Irritable Bowel Syndrome (IBS) is a common functional gastrointestinal disorder. This chronic condition is primarily characterized by recurrent abdominal pain or discomfort associated with changes in bowel habits. Symptoms can include cramping, bloating, gas, and an altered frequency or form of stool. IBS is classified as a disorder of gut-brain interaction, disrupting communication between the brain and the gut.
The Subtypes of Irritable Bowel Syndrome
A person can experience both constipation and diarrhea, and this pattern defines a distinct subtype of the condition. Irritable Bowel Syndrome is categorized into four primary subtypes based on the individual’s predominant bowel movement pattern. Classification is determined by analyzing the consistency of bowel movements on days when the bowels are abnormal, rather than on all days.
IBS with predominant constipation, or IBS-C, is diagnosed when hard or lumpy stools occur more than 25% of the time, and loose or watery stools occur less than 25% of the time. Conversely, IBS with predominant diarrhea, or IBS-D, is characterized by loose or watery stools more than 25% of the time, with hard or lumpy stools occurring less than 25% of the time.
The mixed subtype, known as IBS-M, is reserved for individuals who experience both hard/lumpy stools and loose/watery stools more than 25% of the time they have abnormal bowel movements.
A fourth classification, IBS-U or Unclassified, is used when a person meets the general diagnostic criteria for IBS but their stool consistency does not meet the specified percentage thresholds for C, D, or M. In the IBS-U classification, both hard/lumpy and loose/watery stools occur less than 25% of the time. Understanding the specific subtype is the first step toward creating a targeted management plan.
How Mixed Type is Diagnosed
Accurately classifying a patient as having IBS-M requires the clinical application of internationally recognized standards, specifically the Rome IV criteria. These criteria establish that the patient must have experienced recurrent abdominal pain on average at least one day per week in the last three months, with the pain associated with defecation or a change in stool frequency or form. The symptom onset must have occurred at least six months prior to the formal diagnosis.
To differentiate the subtypes, the Rome IV criteria heavily rely on a tool called the Bristol Stool Form Scale (BSFS). This scale categorizes human stool into seven types based on consistency and shape, with Type 1 being separate hard lumps and Type 7 being entirely liquid. Stool types 1 and 2 are considered constipated, while types 6 and 7 are considered diarrheal.
For an IBS-M diagnosis, the patient must track their bowel movements, and the physician must determine that more than 25% of all abnormal bowel movements are Type 1 or 2, and simultaneously more than 25% are Type 6 or 7. This specific threshold is necessary to distinguish IBS-M from subtypes where one symptom clearly dominates the other.
Navigating Treatment for Alternating Symptoms
The management of IBS-M presents a unique challenge because treatments for constipation and treatments for diarrhea often work in opposition to each other. A medication designed to speed up the gut, such as a laxative, may resolve a constipation episode but could easily trigger or worsen the subsequent diarrhea phase. Conversely, an anti-diarrheal agent, like loperamide, risks exacerbating the constipation phase.
For this reason, treatment for IBS-M often focuses on symptom-specific, as-needed interventions rather than a single daily medication. Patients might use a bulk-forming agent or a gentle laxative during a constipated phase and an anti-diarrheal only during periods of loose stools. Antispasmodics are sometimes prescribed to address the abdominal pain and cramping that can occur with both extremes of bowel function.
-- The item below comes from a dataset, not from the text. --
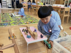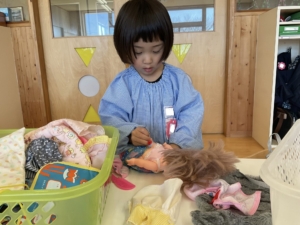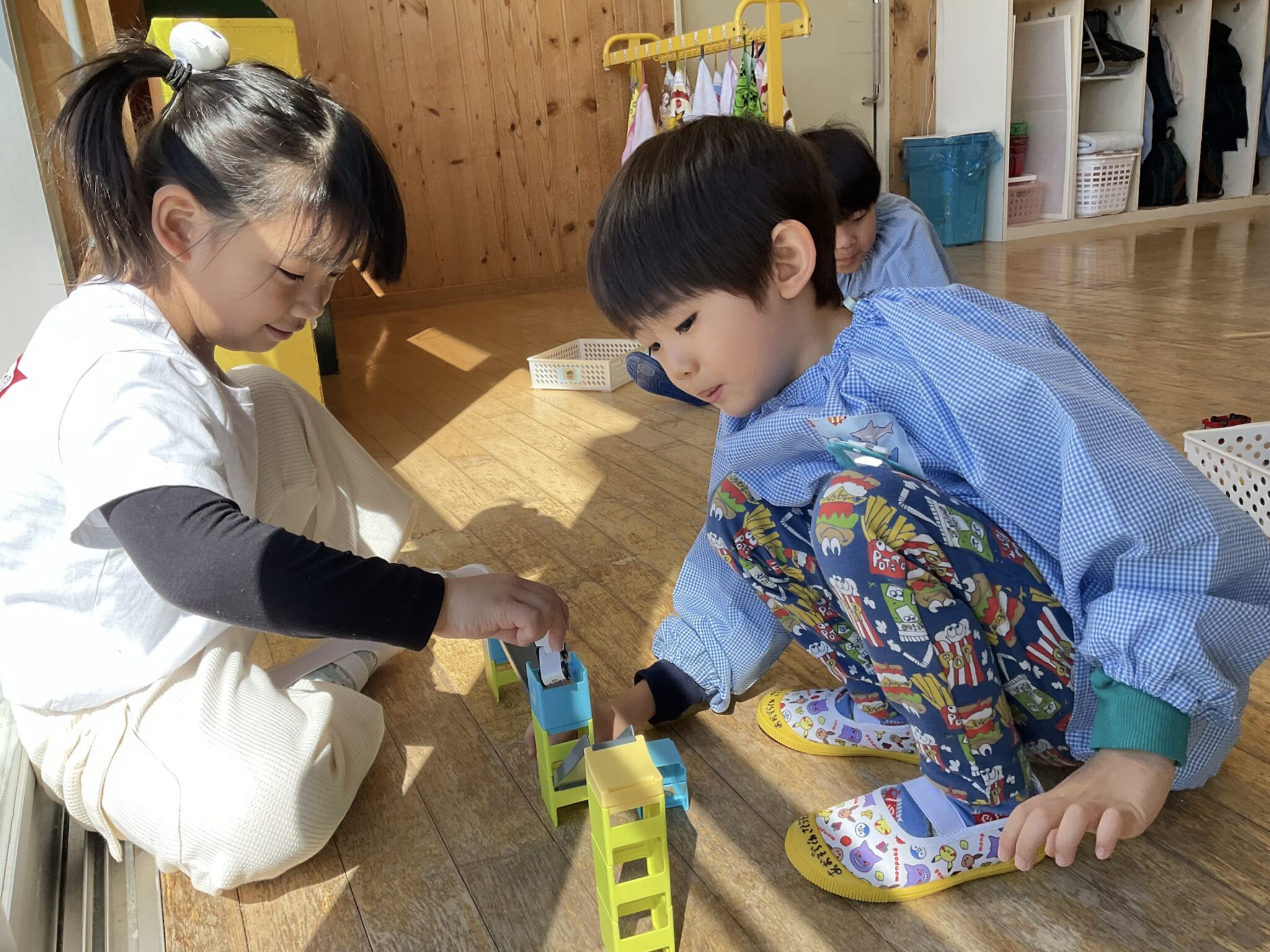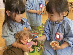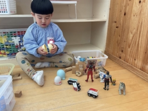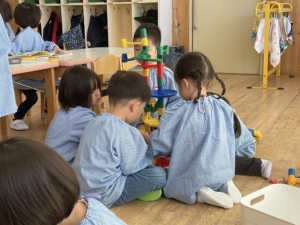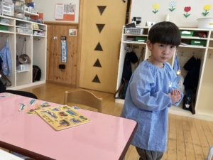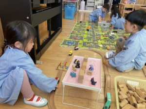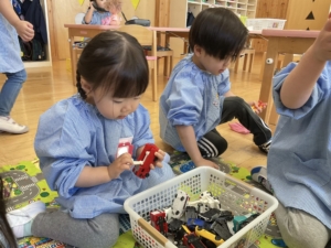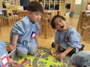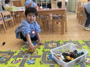 新しいお友達が、お家の人から離れて初めて登園しました。ドキドキしてるかな、楽しみにしていた遊びはあるかな、困ったことは言えるかな、お家の方も不安でいっぱいだったのではないでしょうか。

Dietary adjustments are highly personalized and must be flexible to reflect the current symptom presentation. For instance, a low-FODMAP diet, which restricts certain fermentable carbohydrates, is often effective for many IBS patients, but the specific foods to reintroduce or avoid may need to shift. Lifestyle factors such as regular exercise and stress management techniques like meditation are considered important components of a comprehensive treatment plan.